Tips For A Low-Stress Thanksgiving

November 21, 2014

table place setting

Thanksgiving is one of my favorite holidays, not surprisingly because it is all about sitting down with your loved ones to enjoy some food.  And by “some food” I really mean “All the food.  In my belly.  Right now.”  The thing is, hand-in-hand with this abundance comes a pile dishes to juggle, oven space and timelines and temperatures to consider.  That’s not even counting all the hosting responsibilities and dish-washing duties for what can sometimes be a large crowd.  For me, these things can understandably lead to stress.

With Thanksgiving less than a week away, I wanted to share a few of my favorite tips for minimizing your holiday stress.

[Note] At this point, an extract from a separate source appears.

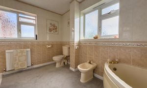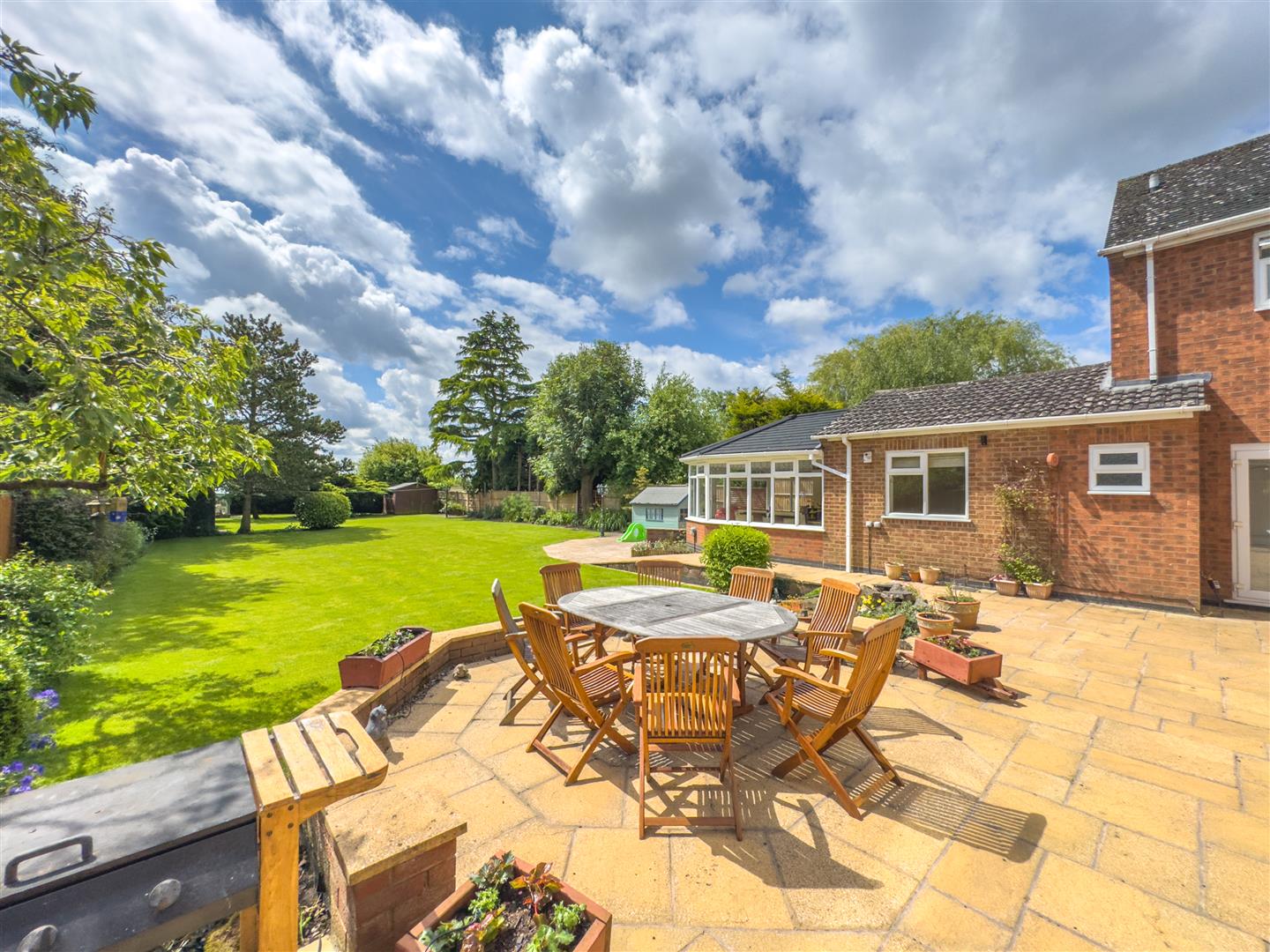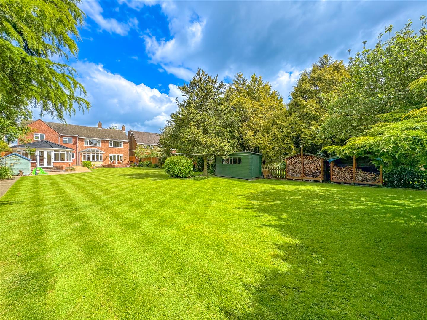 Externally, the front of the property features a large driveway consisting of a mixture of block paving and stone chippings, providing parking for multiple vehicles and access to a double garage. Access points on either side of the property lead to the rear gardens. The show stopping mature garden at the rear is lawned, with established shrubs and trees, well-stocked borders, and a paved patio area perfect for summer entertaining, offering an open outlook over the surrounding fields to the south.

1. Don’t cook the turkey yourself.  This might be a little blasphemous for some of you, but the turkey is the most intimidating and time-consuming thing to me, not to mention it’s an oven hog!  Consider ordering a cooked turkey from a company like Honey Baked Ham, and heating it up on Thanksgiving.  The turkey is supposed to be crowning glory of the table, and by ordering it, you know it will taste good.  Plus, ordering the bird frees you up to focus on side dishes and desserts, which can be a lot of fun.  Check out some of my recent recipes, like an Apple Galette or some Paleo Pumpkin Muffins, to name a few.

2. If you’re having a small group, consider roasting Cornish Game Hens.  Again, this may be crazy for Thanksgiving purists.  But when my husband and I were pre-baby, we often had small Thanksgiving dinners.  A large turkey was just too much food for the two of us, so I roasted Cornish Game Hens to enjoy.  They were delicious, full of the flavor of the season, but small enough that we didn’t waste any food.

3. Assign friends and family a side dish.  You can either assign categories or specific dishes.   You don’t want three sweet potato dishes showing up at the same time, so specifics are important.  Chances are, your guests will have foods that they love and want to share, so give them a chance and take some of the burden off of yourself.

4. Consider party rentals.  When I grew up, my family had multiple sets of china that we would pull out every holiday season.  The china looked beautiful but you know what?  It was a lot of dishes to wash, even in my house with two dishwashers (true story).  Rental companies may allow you to rent dishes for a low cost, and then return them dirty.  Yes, please!

5. Shop in advance and cook a little each day.  The great news about most Thanksgiving foods is that you can make many of them in advance.  Give yourself plenty of time and do your shopping in the days leading up to the holiday.  When you get your groceries home, you can start to prep them (peeling, slicing, etc.)  Then, cook a dish or two each day so you’re not trying to put everything in the oven at the same time.

6. Remember what the holiday is about.  At the end of the day, if your famous pumpkin chiffon cheesecake flops or your turkey is still frozen at dinner time, shrug it off.  The day is about being thankful for what you do have.  Enjoy the company of your family and friends and soak up the moments.  At the very least, you’ll have some good stories to tell.

Do you have any other good tips to share?